Description of the task »
In the answer, give the entries below exactly, from the first line through the line with "- Основание тренажёра", with every picture omitted.

(Dataset records)
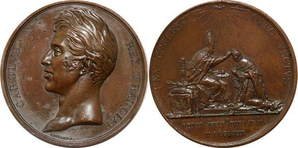 P2570 Rare France Médaille Charles X sacre Reims 1825 Gayrard Desnoyers SUP
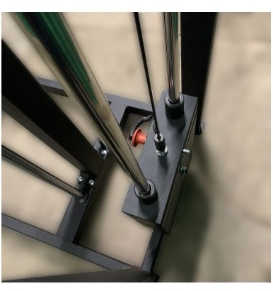 - Основание тренажёра имеет стальные 10 мм подпятники с отверстиями для крепления к полу.
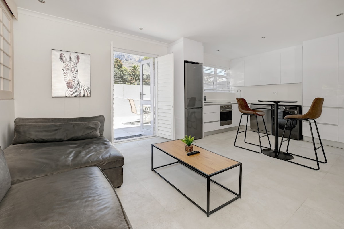 This newly renovated apartment sleeps 2 adults + 1 child & lies at the foot of Table Mountain,offering lovely views of nearby Lion's Head & Table Mountain. Although attached to the main house, the former art studio is completely private, with the en-suite bedroom leading onto a spacious deck, fitted kitchenette & open plan living area .The sofa is big enough for a third person to sleep. Located within 10 min drive of the city centre & 15 min to Clifton Beach, this holiday home has all you need.
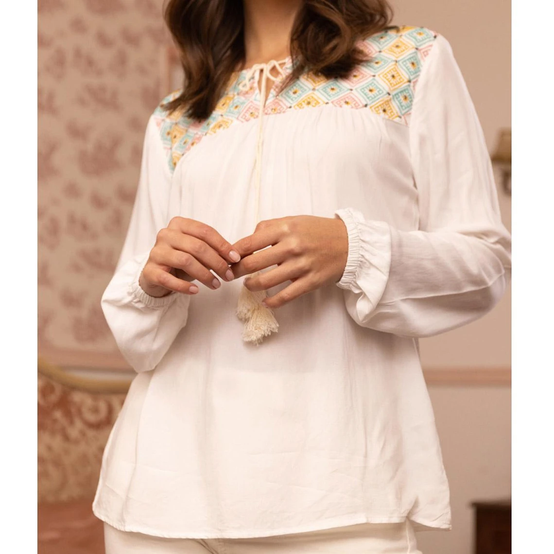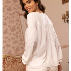 Blouse manches longues élastiquées fronces et broderie femme
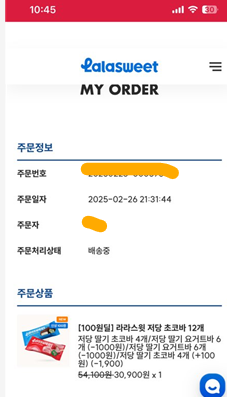 혹시 몰라서 주문번호와 주문자는 가렸습니다. 현재 라라스윗에서 신상 기념 할인을 하고 있더라구요. 라라스윗 아이스크림 단가가 높다보니 저는 주로 이렇게 신상 이벤트를 할 때 구매하는 편입니다. 아이스크림은 제가 늦은 저녁에 구매를 했는데 다음날 발송하여 2일째에 바로 왔습니다.
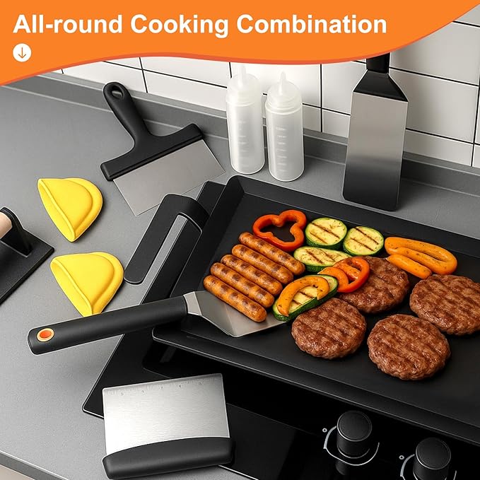 - All-round Cooking Combination: our professional griddle accessory set includes 1 carbon steel frying pan, which conducts heat evenly and stores heat well, making it suitable for frying steaks, pancakes and many other dishes; With 2 long spatulas and 1 scraper, you can stir-fry ingredients more flexibly and easily scrape off the residue on the bottom of the pan, making the cooking process smoother
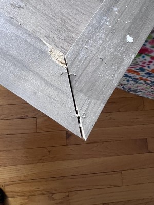 Arrived scratched multiple locations and missing hardware. Bag containing hardware was open and empty and some of screws were imbedded in panels. Drive it straight to the dump.
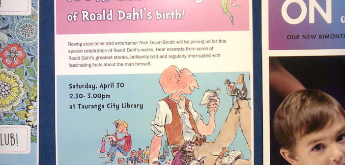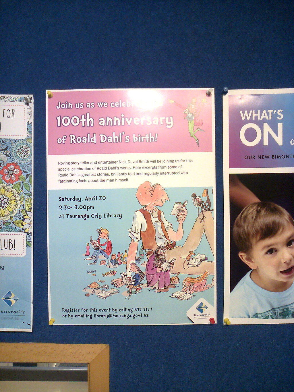 I’m intrigued by the notice on the Tauranga City Library wall. An invitation to acknowledge the 100th Birthday of the author Roald Dahl.
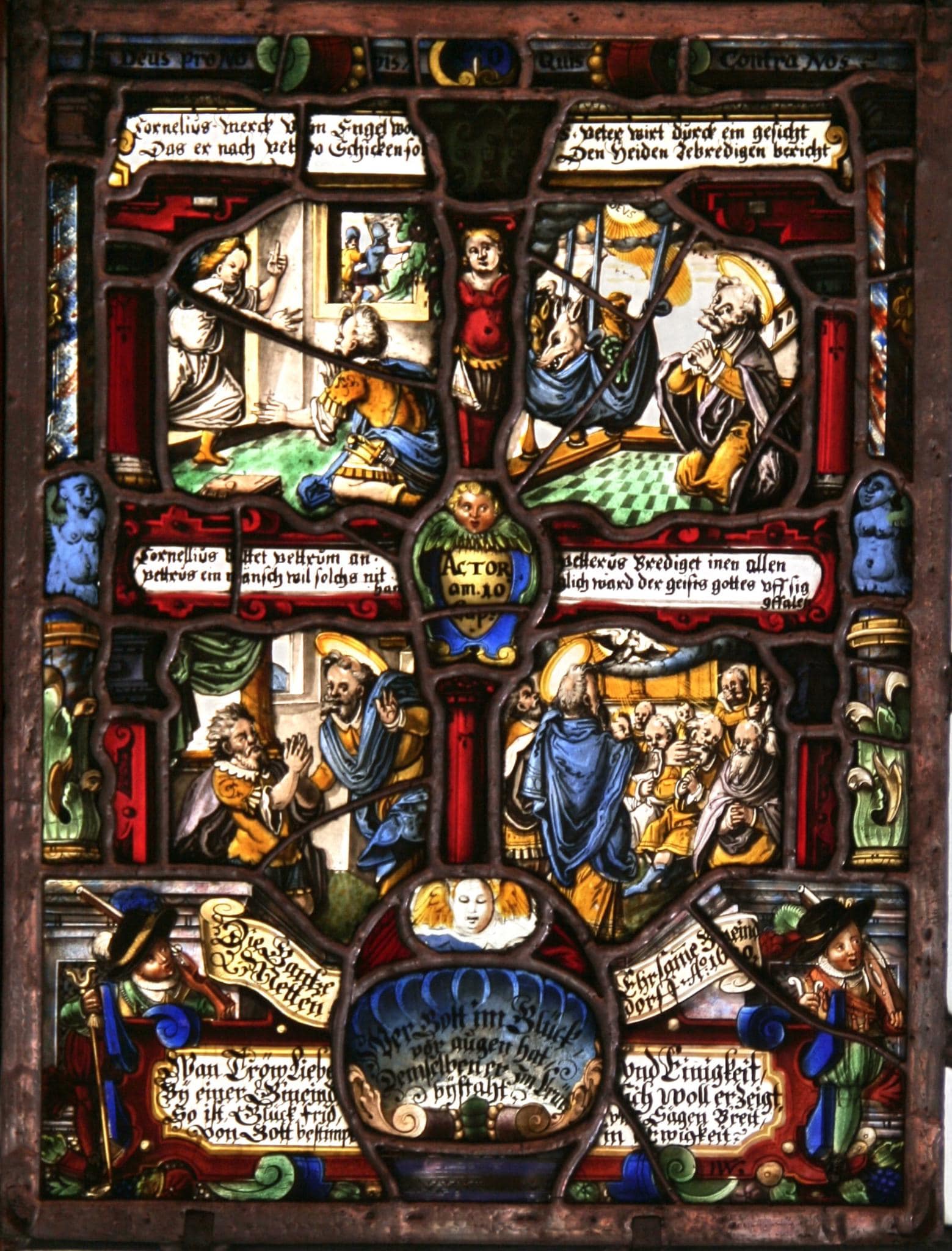 Cornelius merck v[o]m Engel wo[l] / Das er nach Pet[r]o schicken so[l] // S. Peter wirt durch ein gesicht / Den heiden zebredigen bericht // Cornellius b[e]ttet pettrum an / pettrus ein mänsch wil solchs nit / han // petterus Brediget inen allen / glich ward der geists gottes vff sig / gffalen // ACTOR / am. 10 Cap:
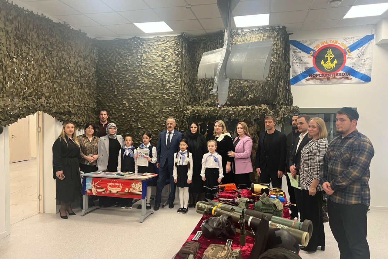 Директор школы провела для Нурбагандова экскурсию по музею, подробно рассказывая о каждом экспонате. В витринах хранятся уникальные предметы, которые помогают сохранить память о подвиге российских военнослужащих: личные вещи бойцов, элементы их экипировки, оружие, трогательные письма с фронта, фотографии и государственные награды.
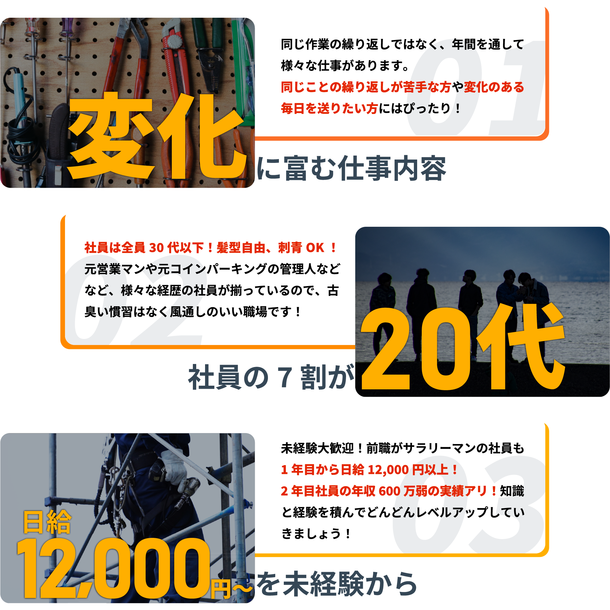 | 応募資格 | 未経験歓迎・学歴不問 |
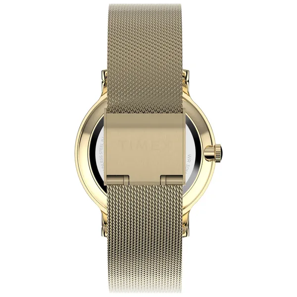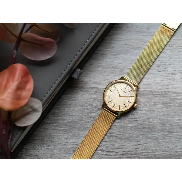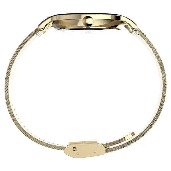 Az ikonikus Timex Transcend női karóra letisztult arany színével bármilyen alkalomra stílusos választás. A mindössze 6 mm vékony, 34 mm-es nemesacél tokban megbízható kvarc szerkezet ketyeg, amelyet karcálló ásványi üveg véd. A fényes nemesacél karkötő elegánsan simul a csuklóra, legfeljebb 19 cm kerületig.

Finished exercise »
 P2570 Rare France Médaille Charles X sacre Reims 1825 Gayrard Desnoyers SUP
 - Основание тренажёра имеет стальные 10 мм подпятники с отверстиями для крепления к полу.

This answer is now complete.